I came across a discussion on pytorch forum (https://discuss.pytorch.org/t/passing-a-subset-of-the-parameters-to-an-optimizer-equivalent-to-setting-requires-grad-of-subset-only-to-true/42866) where it is suggested that passing all the parameters to the optimizer and then marking the frozen ones with requires_grad=False flag prevents the gradients from being computed, and subsequently saves some memory. Not sure if this is still relevant as the discussion is a year old...

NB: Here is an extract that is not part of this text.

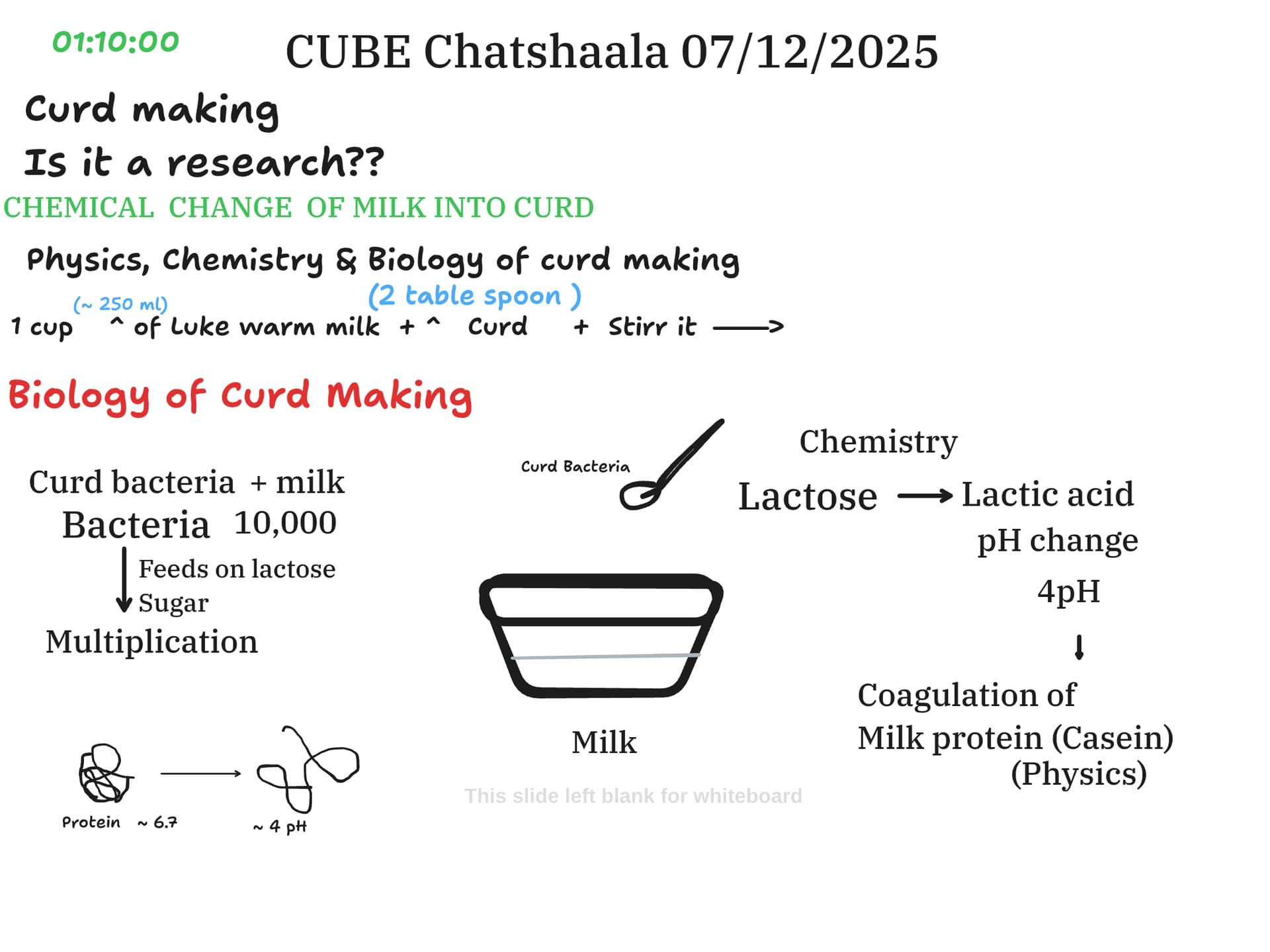 Biology: This process is driven by Curd bacteria (like Lactobacillus species), with an estimated 10,000 bacteria per sample. These bacteria feed on lactose sugar in the milk and multiply.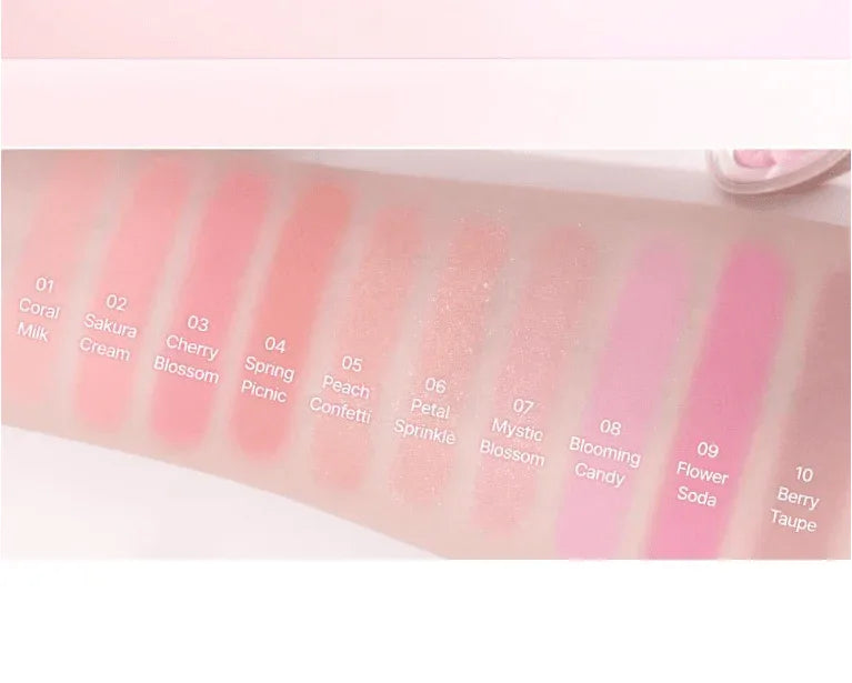 The Dasique - Pink Blossom Blooming Single Shadow - 10 Colors is ideal for all skin types, making it a must-have in every makeup enthusiast's collection. Enjoy the freedom to express your creativity with this beautiful eyeshadow palette!

@hcjghr The point of having parameters group (and adding the parameters sequentially as we unfreeze them) is to allow for different learning rates. I updated the example in #1564. If you had a single parameter group in your optimizer, you might not be able to use such training strategies.
@jbschiratti I completely understand it now and I definitely agree this is the best way to have it in the example to show different possibilities. Thanks for the quick explanation.
This issue has been automatically marked as stale because it has not had recent activity. It will be closed if no further activity occurs. Thank you for your contributions.
Hey I'm trying to do something similar with some categorical data where I want to freeze the pre-trained model for the initial training then train the full network slightly. I struggled to find the example as its not mentioned in the docs but is hidden away in the github repo. The README.md for the parent directory doesn't mention this example either so its not very visible. Although, I think it is a super useful example for transfer learning!
Most helpful comment
Hi, I too would be interested in a step-by-step 'tutorial' for doing transfer learning with Pytorch-Lightning. Is this something that might be added to the docs?